Wagner died in Venice, and there ensued that fantastic nocturnal carrying of his body by Italian enthusiasts. After his death, the Baireuth Festivals continued and pilgrims from all over the world flocked to them yearly. Their purpose was to perform the Wagnerian works with the utmost perfection, and in complete accordance with the usages that Wagner had laid down with great detail. Whether in the later years of their flourishing they were the best Wagnerian performances in the world may be greatly doubted.

But Cosima Wagner and her son have devoted themselves to the restoration of the Baireuth Festivals, and that is why Siegfried Wagner is coming to America. He will be welcomed and aided by a committee of notables, such men as Otto H. Kahn and Clarence H. Mackay. His tour will be pushed energetically. He was to have conducted a performance of his own opera, Der Barenhauter, with the Wagnerian Opera Company, but the bankruptcy of the company has canceled this. He is scheduled to conduct programs with the principal orchestras in the country-- in New York, Chicago, Boston, Cleveland, Detroit, Baltimore, Cincinnati, St. Louis, Los Angeles, San Francisco. One Hand

Few greater disabilities can be imagined than that of the loss of an arm to a pianist. Yet recent death notices contain the name of an old Hungarian, aged 75, famed as a pianist despite the loss of his right arm. Count Geza Zichy was a boy of 14 when maiming came to him in a hunting accident, yet with extraordinary courage and perseverance he schooled his remaining arm to do the work of two. He achieved such mastery that he gained the admiration of Liszt, who proclaimed him a phenomenon, accepted him as his pupil.

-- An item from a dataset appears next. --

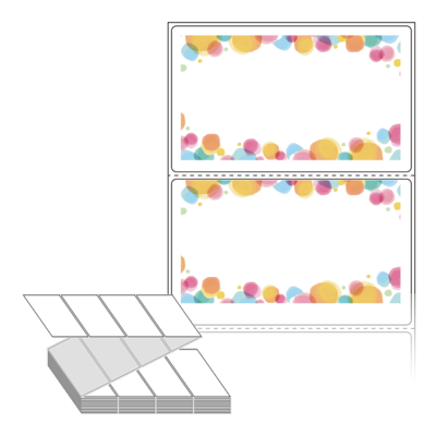 텍스트, 이미지, 도형, 바코드 등을 쉽게 출력 할 수 있으며 엑셀파일 등의 연동도 가능합니다. 라벨 모양대로 이미 칼선이 있기 때문에 출력 후 바로 떼어서 사용 하시면 됩니다.

The one-armed pianist began his concert career in 1880, with a program arranged by himself for one hand. He had a success that established him as one of the musical personalities of Hungary. He became President of the Royal Academy of Music at Buda Pesth and of the National Conservatory. He was in addition a lawyer, but continued his one-handed virtuosoship of the piano until his recent death.

Prodigy

Europe has been thrilled by the gifts of Nino Rota Rinaldi, aged eleven, of Milan, who caused a sensation last month at Tourcoing, France, by conducting a performance of an oratorio written by himself. The work, The Childhood of St. John, was produced by a chorus and orchestra of 250 persons. Both the boy's composition and his conducting were pronounced excellent.

And now another infant has arisen. Pietro Mazzini, son of an Italian publicist and of the singer, Carla Benassi, is a pianist. The other day he played a program. "Nothing short of marvelous," said a French critic. This lad is only five.

The value of prodigies seems much in doubt. Endless numbers of them, with genius in infancy, have come to mediocrity in maturity. On the other hand, many of the world's finest artists have been infant prodigies, witness Josef Hofmann, at the piano, Mozart in composition.

*Baireuth is a town of Bavaria where Wagner conducted many of his own operas. Both Wagner and Liszt are buried there.